THE ROBERT W. WHITAKER ARCHIVE

FEMININE "RUTHLESSNESS" IS NO MYSTERY | 2005-06-23

Elizabeth replied to my article about how girls and boys are different by agreeing with me, which is always nice. But she added a more important point: that when women get into a fight, there is no quarter, no rules of engagement, no Geneva Convention.

H.S. agreed with her, as Elizabeth ended, "Gentlemen, just stay out of these battles."

Feminists love to quote things like the old Roman Law. They point out that, according to those laws, women were reduced to cowering, helpless slaves.

But if you read real history, you see the usual proportion of Roman men, those all-powerful paterfamiliae, who were terrified of their wives.

As usual, I look for the simple explanation of this.

Here it is:

Men are physically stronger than women.

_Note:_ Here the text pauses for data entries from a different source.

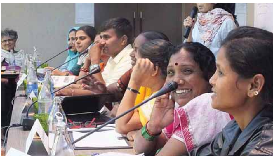
Участники семинара в Бангкоке
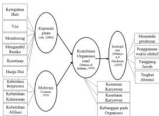
Gambar 1 Model Penelitian

Berdasarkan uraian tersebut maka dibuat gambar model di bawah ini:
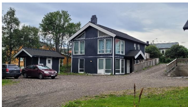
Vesterålsgata 27 sør
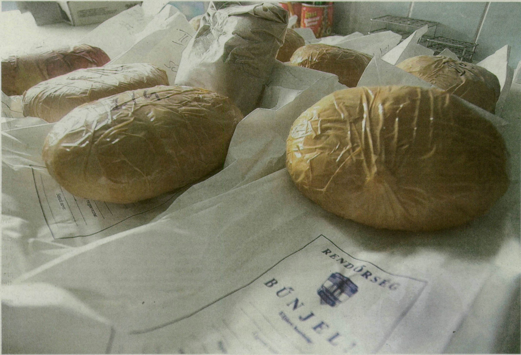
A határon lefoglalt heroin a szegedi droglaborban. Az EU-tagállamok lakóinak kevesebb mint egy százaléka próbálta ki, de a legsúlyosabb kábítószeres esetek fele mégis ehhez a droghoz kapcsolható.

Magyarország sokáig „csak” tranzitútvonal volt a nemzetközi drogkereskedelemben, de mára nálunk is egyre több a fogyasztó. Az ország drogtranzitútvonalán elhelyezkedő két „végpont” megyében, Győr-Moson-Sopronban és Csongrádban érdeklődünk a helyzetről.

As a result, women developed a form of defense that men have only gotten a name for in the last century.

It is called psychological warfare.

My brother is the father of three girls. Once when one of them was about three, she came up to him, cuddled up in his lap and said, "Daddy, I love you."

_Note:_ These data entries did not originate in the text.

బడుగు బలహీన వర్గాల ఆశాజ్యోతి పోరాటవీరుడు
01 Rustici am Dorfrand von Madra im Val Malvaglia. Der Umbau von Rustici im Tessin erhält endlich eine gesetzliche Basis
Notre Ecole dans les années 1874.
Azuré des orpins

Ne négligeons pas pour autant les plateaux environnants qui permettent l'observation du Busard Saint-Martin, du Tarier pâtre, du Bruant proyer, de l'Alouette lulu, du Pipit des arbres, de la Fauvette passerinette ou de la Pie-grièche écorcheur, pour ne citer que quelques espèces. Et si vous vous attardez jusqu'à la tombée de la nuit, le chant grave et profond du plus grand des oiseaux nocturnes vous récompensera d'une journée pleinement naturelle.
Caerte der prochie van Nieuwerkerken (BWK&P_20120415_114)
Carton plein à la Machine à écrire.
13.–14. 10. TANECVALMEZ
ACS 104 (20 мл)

She then went into the next room.

My brother was charmed.

A minute later he heard her five-year-old sister in the other room whisper to that little girl, "Yes, that's how you do it." My brother is a pediatrician, so this did not surprise him in the least.

While men are learning to be men and warriors and writing great sagas about themselves, women are also learning how to be women. I have this paranoid feeling that if anyone wrote a history of THAT, the Sisterhood would kill them.